6. A robotic arm positioning device, characterized in that, include: The positioning compensation control unit is used to acquire a calibration plate image and the theoretical pose of the end of the robotic arm in the base coordinates by means of a vision acquisition device when the end of the robotic arm reaches a preset vision acquisition point and meets preset compensation conditions. The error calculation and compensation unit is used to calculate the actual pose of the end effector of the robotic arm in the base coordinate system based on the calibration plate image and the pre-determined hand-eye conversion matrix, and to calculate the spatial error vector between the actual pose and the theoretical pose. If the spatial error corresponding to the spatial error vector is within a preset range, the theoretical pose is corrected according to the spatial error vector. The coordinate update unit is used to determine the reference coordinates of the end effector of the robotic arm in the base coordinate system based on the corrected theoretical pose, and to calculate the coordinate values ​​of each operation point based on the relative positional relationship between the visual acquisition point and each operation point and the reference coordinates, as the basis for controlling the end effector of the robotic arm to be positioned to each operation point.

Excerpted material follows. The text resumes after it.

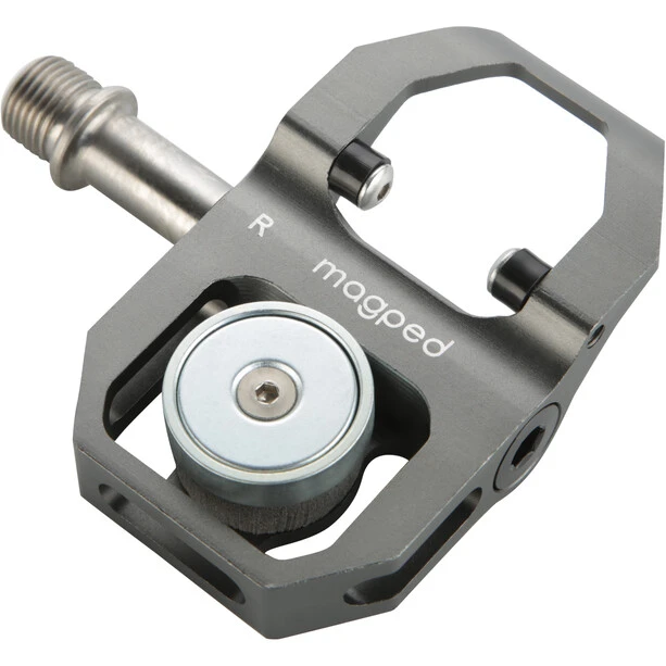 La pédale de magped est équipée de 3 roulements à billes industriels étanches de haute qualité. Les broches de la pédale peuvent être changées si nécessaire. La hauteur de l’aimant haute performance en néodyme est réglable grâce à une suspension polymère intégrée spéciale.
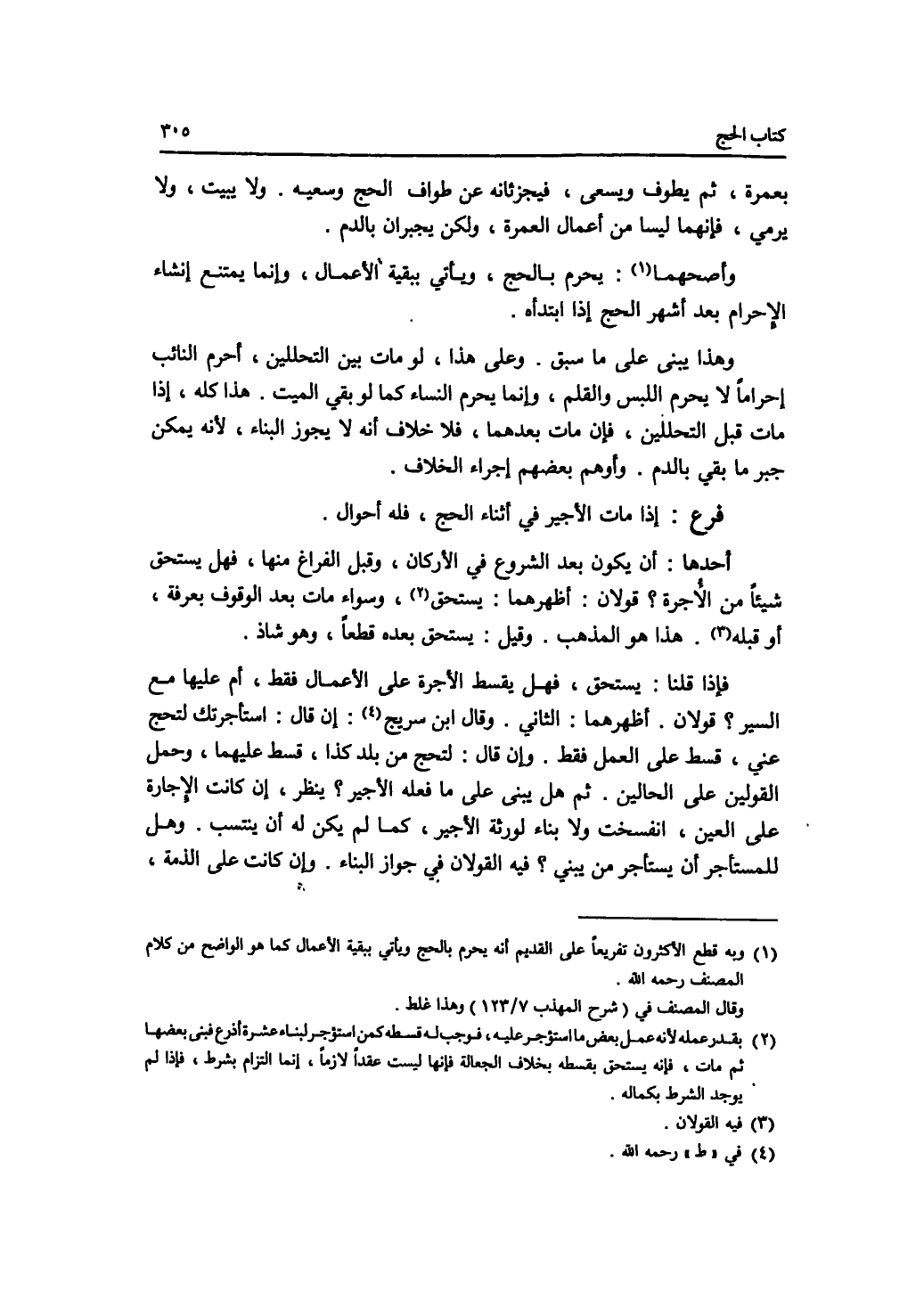 بعمرة، ثم يطوف ويسعى، فيجزئانه عن طواف الحج وسعيه. ولا يبيت، ولا يرمي، فإنهما ليسا من أعمال العمرة، ولكن يجبران بالدم. وأصحهما: يحرم بالحج، ويأتي ببقية الاعمال، وإنما يمتنع إنشاء الاحرام بعد أشهر الحج إذا ابتدأه، وهذا يبنى على ما سبق. وعلى هذا، لو مات بين التحللين، أحرم النائب إحراما لا يحرم اللبس والقلم، وإنما يحرم النساء كما لو بقي الميت. هذا كله، إذا مات قبل التحللين، فإن مات بعدهما، فلا خلاف أنه لا يجوز البناء، لانه يمكن جبر ما بقي بالدم. وأوهم بعضهم إجراء الخلاف فيه. فرع إذا مات الاجير في أثناء الحج، فله أحوال. أحدها: أن يكون بعد الشروع في الاركان، وقبل الفراغ منها، فهل يستحق شيئا من الاجرة ؟ قولان. أظهرهما: يستحق، وسواء مات بعد الوقوف بعرفة، أو قبله. هذا هو المذهب. وقيل: يستحق بعده قطعا، وهو شاذ. فإذا قلنا: يستحق، فهل يقسط الاجرة على الاعمال فقط، أم عليها مع السير ؟ قولان. أظهرهما: الثاني. وقال ابن سريج رحمه الله: إن قال: استأجرتك لتحج عني، قسط على العمل فقط. وإن قال: لتحج من بلد كذا، قسط عليهما، وحمل القولين على الحالين. ثم هل يبنى على ما فعله الاجير ؟ ينظر، إن كانت الاجارة على العين، انفسخت ولا بناء لورثة الاجير، كما لم يكن له أن ينتسب، وهل للمستأجر أن يستأجر من يبني ؟ فيه القولان في جواز البناء. وإن كانت على الذمة

7. A robotic arm controller, characterized in that, It includes at least one processor and a memory connected to the processor, wherein: The memory is used to store computer programs; The processor is used to execute the computer program so that the robotic arm controller can implement the robotic arm positioning method as described in any one of claims 1 to 5.

8. A robotic arm system, characterized in that, It includes a robotic arm controller, and a robotic arm and a vision acquisition device that are communicatively connected to the robotic arm controller; When the end of the robotic arm reaches a preset visual acquisition point and meets preset compensation conditions, the robotic arm control device sends an image acquisition command to the visual acquisition device and obtains the theoretical pose of the end of the robotic arm in the base coordinates. The vision acquisition device acquires images of the calibration board and sends the images of the calibration board to the robotic arm control device; The robotic arm control device calculates the actual pose of the robotic arm's end effector in the base coordinate system based on the calibration plate image and a pre-determined hand-eye conversion matrix. The robotic arm control device calculates the spatial error vector between the actual pose and the theoretical pose; When the spatial error corresponding to the spatial error vector is within a preset range, the robotic arm control device corrects the theoretical pose according to the spatial error vector, and determines the reference coordinates of the end of the robotic arm in the base coordinate system based on the corrected theoretical pose. The robotic arm control device calculates the coordinate values ​​of each operation point based on the relative positional relationship between the visual acquisition point and each operation point, as well as the reference coordinates, and uses this as the basis for controlling the end effector of the robotic arm to be positioned at each operation point.

9. A computer program product, characterized in that, Includes computer-readable instructions that, when executed on an electronic device, cause the electronic device to implement the robotic arm positioning method as described in any one of claims 1 to 5.

10. A computer storage medium, characterized in that, The storage medium carries one or more computer programs that, when executed by an electronic device, enable the electronic device to implement the robotic arm positioning method as described in any one of claims 1 to 5.